▶ [WHAT THE TASK ASKS]
Every line below should come back exactly as written, though the pictures stay out.
(INPUT DATA begins)
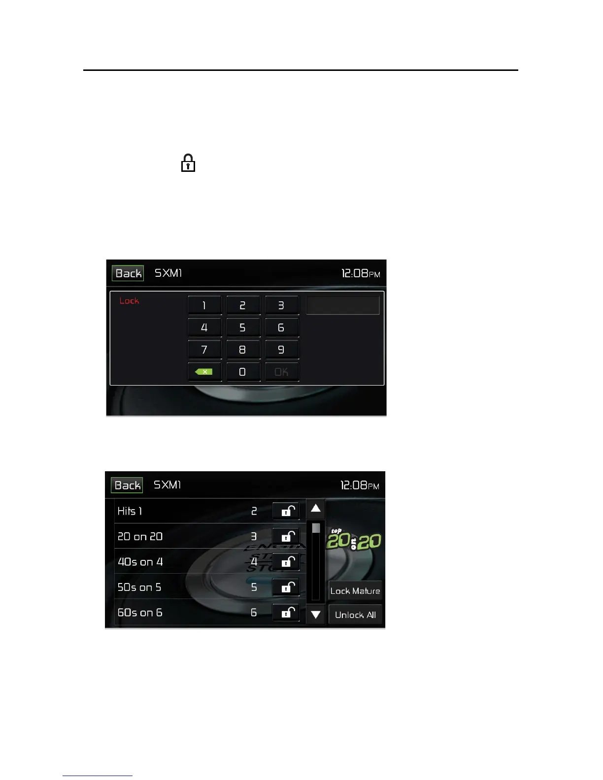 1. On the SirusXM® menu page 2, touch the Lock icon. The following screen
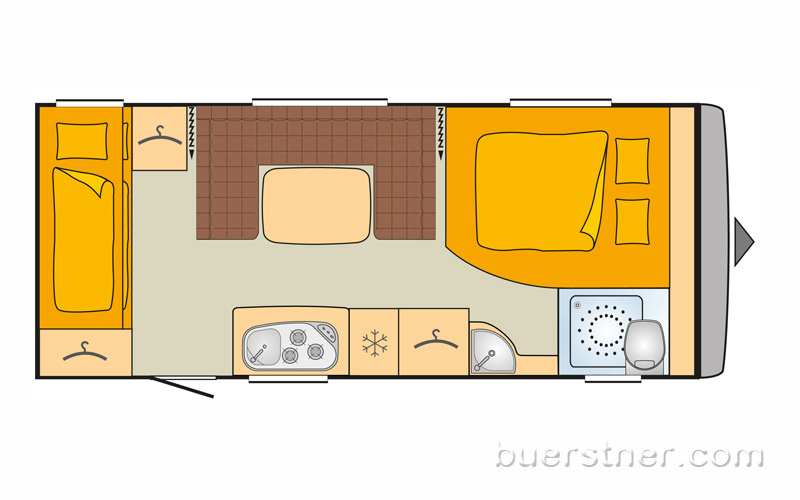 Steht der Premio 520 TK erst einmal an Ort und Stelle, legt er schnell den Schluss nahe, mehr Wohnwagen müsse nicht sein. Das Raumangebot ist für vier Personen üppig, die Betten sind groß und bequem. Stauraum ist unter dem unteren Etagenbett und dem Doppelbett im Bug auch für sperrige Dinge reichlich vorhanden. Während der Fahrt entsteht durch Hochklappen des unteren Etagenbettes eine kleine Heckgarage, die über eine Außenklappe zugänglich ist. Die Kinder haben ihren eigenen Kleiderschrank. Kinderzimmer und Schlafbereich sind mit Vorhängen abtrennbar. Das Bad ist komplett und zweckmäßig. Waschbecken und Spiegel sind im Schlafbereich untergebracht, die Toilette, in der gegen Aufpreis auch mit Vorhang geduscht werden kann, ist mit einer Tür abgetrennt. Die Sitzgruppe bietet bis zu sechs Personen Platz und auf der Längsbank kann man auch mal die Beine hochlegen. Besonders positiv fiel der große Kühlschrank auf. 142 Liter ist ja zunächst nur ein technischer Wert, aber die Aufteilung der Fächer ist praktisch und bietet auch großen Flaschen und Verpackungen viel Raum. Wer gerne in südlichen Ländern regionale Spezialitäten genießt und reichlich einkauft, wird an diesem Kühlschrank seine Freude haben. Nur Standard ist hingegen die Küche. Herd und Spüle sind bewährte und praktische Modelle. Die Arbeitsfläche ist zwar nicht üppig, allerdings steht der Tisch gleich gegenüber und lässt sich prima als erweiterte Arbeitsfläche einsetzen. So weit, so gut. Die Küchenunterschränke sind jedoch bis auf die Besteckschublade keine Auszüge, sondern einfache Schrankfächer. Da heißt es in die Knie gehen, bücken und das Hinterste zu vorderst kramen. Hier dürfte es dann doch ein bisschen mehr sein, nämlich ein paar Auszüge, in denen die Kochutensilien bequem erreichbar sind. Dies bleibt jedoch nur ein kleiner Wermutstropfen in einem ansonsten sehr gelungenen Gesamteindruck des Bürstner Premio 520 TK.
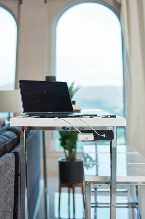 Stylish and versatile, this counter height table set exudes modern elegance. From kitchens to living rooms to rec rooms and more, it's perfect for adding extra seating and table space to any room in your home. The table is crafted with a scratch-resistant surface made from beautiful, white faux marble. The sleek, angular frames are crafted of metal in a gleaming chrome finish for a gorgeous touch of polish. This stunning set comes with one table and three stools to instantly complete your space.
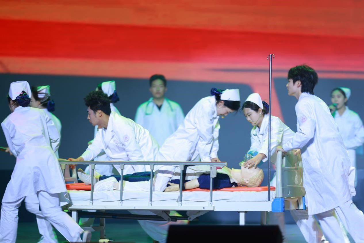 晚会以“赓续青春志,提灯启新程”为主题,分“心怀炽热·绘梦”“继往开来·守梦”“踔厉奋发·筑梦”“踏歌远航·圆梦”四卷徐徐展开。歌伴舞《上春山》展现出护理工作者昂扬向上、奋发有为“追光者”的青春面貌;走秀《魅力天使 星耀舞台——护士职装秀》,走出了护理工作者的自信昂扬;舞蹈《跃马高歌》凝聚着医护人员攀高峰、创佳绩、砥砺前行谱新篇的自信和雄心;情景剧《生死时速》歌颂了医护人员与死神赛跑、甘于奉献的勇气与决心;合唱《我爱你中国》诉说着华夏儿女心中永不褪色的赤诚爱国情;戏曲《樊梨花》让师生感受到了传统戏曲文化的时代魅力……晚会在师生大合唱《大梦想家》中画上圆满句号。
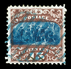 113 O 119 Image#119, 15c Brown and blue, Ty. II, used, deeply rich colors and strong impressions, well centered, blue grid cancel which is most uncommon on this value, choice very fine; 2009 PF certificate. (Image) $335.00
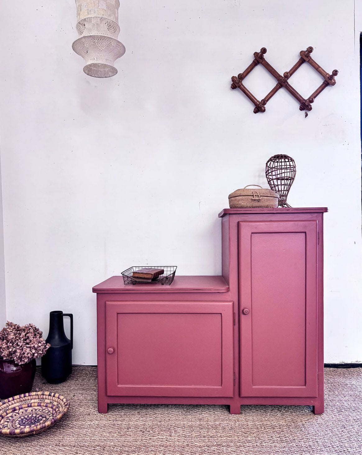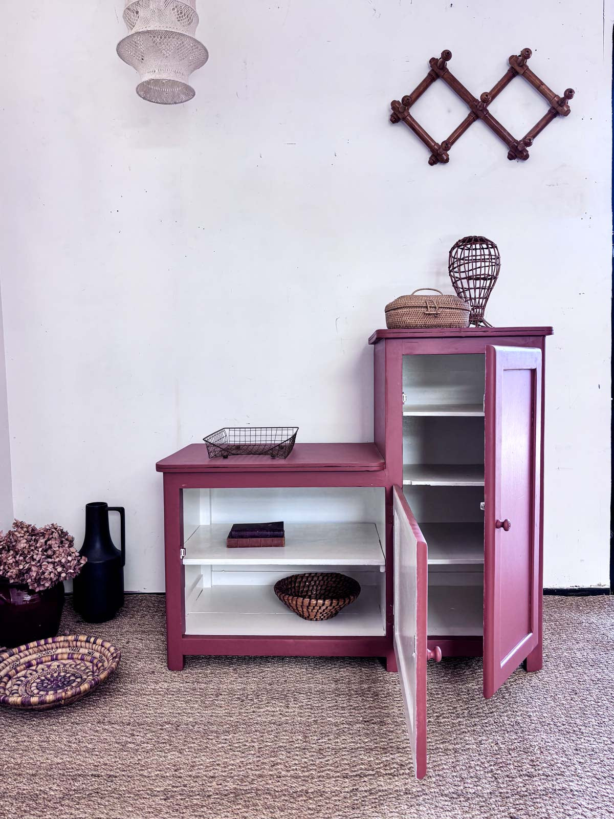 Discover this asymmetrical sideboard in Earth Clay, a true tribute to 1950s design. With its two doors at the top and a shelf at the bottom, it offers a perfect balance between functionality and aesthetics. Its three spacious shelves will allow you to display your decorative objects in style. Made of veneer, this piece combines robustness and elegance. Make this piece a centerpiece of your interior.
(INPUT DATA ends)
▶ [RESULT FOR THIS EXERCISE]
 1. On the SirusXM® menu page 2, touch the Lock icon. The following screen
 Steht der Premio 520 TK erst einmal an Ort und Stelle, legt er schnell den Schluss nahe, mehr Wohnwagen müsse nicht sein. Das Raumangebot ist für vier Personen üppig, die Betten sind groß und bequem. Stauraum ist unter dem unteren Etagenbett und dem Doppelbett im Bug auch für sperrige Dinge reichlich vorhanden. Während der Fahrt entsteht durch Hochklappen des unteren Etagenbettes eine kleine Heckgarage, die über eine Außenklappe zugänglich ist. Die Kinder haben ihren eigenen Kleiderschrank. Kinderzimmer und Schlafbereich sind mit Vorhängen abtrennbar. Das Bad ist komplett und zweckmäßig. Waschbecken und Spiegel sind im Schlafbereich untergebracht, die Toilette, in der gegen Aufpreis auch mit Vorhang geduscht werden kann, ist mit einer Tür abgetrennt. Die Sitzgruppe bietet bis zu sechs Personen Platz und auf der Längsbank kann man auch mal die Beine hochlegen. Besonders positiv fiel der große Kühlschrank auf. 142 Liter ist ja zunächst nur ein technischer Wert, aber die Aufteilung der Fächer ist praktisch und bietet auch großen Flaschen und Verpackungen viel Raum. Wer gerne in südlichen Ländern regionale Spezialitäten genießt und reichlich einkauft, wird an diesem Kühlschrank seine Freude haben. Nur Standard ist hingegen die Küche. Herd und Spüle sind bewährte und praktische Modelle. Die Arbeitsfläche ist zwar nicht üppig, allerdings steht der Tisch gleich gegenüber und lässt sich prima als erweiterte Arbeitsfläche einsetzen. So weit, so gut. Die Küchenunterschränke sind jedoch bis auf die Besteckschublade keine Auszüge, sondern einfache Schrankfächer. Da heißt es in die Knie gehen, bücken und das Hinterste zu vorderst kramen. Hier dürfte es dann doch ein bisschen mehr sein, nämlich ein paar Auszüge, in denen die Kochutensilien bequem erreichbar sind. Dies bleibt jedoch nur ein kleiner Wermutstropfen in einem ansonsten sehr gelungenen Gesamteindruck des Bürstner Premio 520 TK.
 Stylish and versatile, this counter height table set exudes modern elegance. From kitchens to living rooms to rec rooms and more, it's perfect for adding extra seating and table space to any room in your home. The table is crafted with a scratch-resistant surface made from beautiful, white faux marble. The sleek, angular frames are crafted of metal in a gleaming chrome finish for a gorgeous touch of polish. This stunning set comes with one table and three stools to instantly complete your space.
 晚会以“赓续青春志,提灯启新程”为主题,分“心怀炽热·绘梦”“继往开来·守梦”“踔厉奋发·筑梦”“踏歌远航·圆梦”四卷徐徐展开。歌伴舞《上春山》展现出护理工作者昂扬向上、奋发有为“追光者”的青春面貌;走秀《魅力天使 星耀舞台——护士职装秀》,走出了护理工作者的自信昂扬;舞蹈《跃马高歌》凝聚着医护人员攀高峰、创佳绩、砥砺前行谱新篇的自信和雄心;情景剧《生死时速》歌颂了医护人员与死神赛跑、甘于奉献的勇气与决心;合唱《我爱你中国》诉说着华夏儿女心中永不褪色的赤诚爱国情;戏曲《樊梨花》让师生感受到了传统戏曲文化的时代魅力……晚会在师生大合唱《大梦想家》中画上圆满句号。
 113 O 119 Image#119, 15c Brown and blue, Ty. II, used, deeply rich colors and strong impressions, well centered, blue grid cancel which is most uncommon on this value, choice very fine; 2009 PF certificate. (Image) $335.00
 Discover this asymmetrical sideboard in Earth Clay, a true tribute to 1950s design. With its two doors at the top and a shelf at the bottom, it offers a perfect balance between functionality and aesthetics. Its three spacious shelves will allow you to display your decorative objects in style. Made of veneer, this piece combines robustness and elegance. Make this piece a centerpiece of your interior.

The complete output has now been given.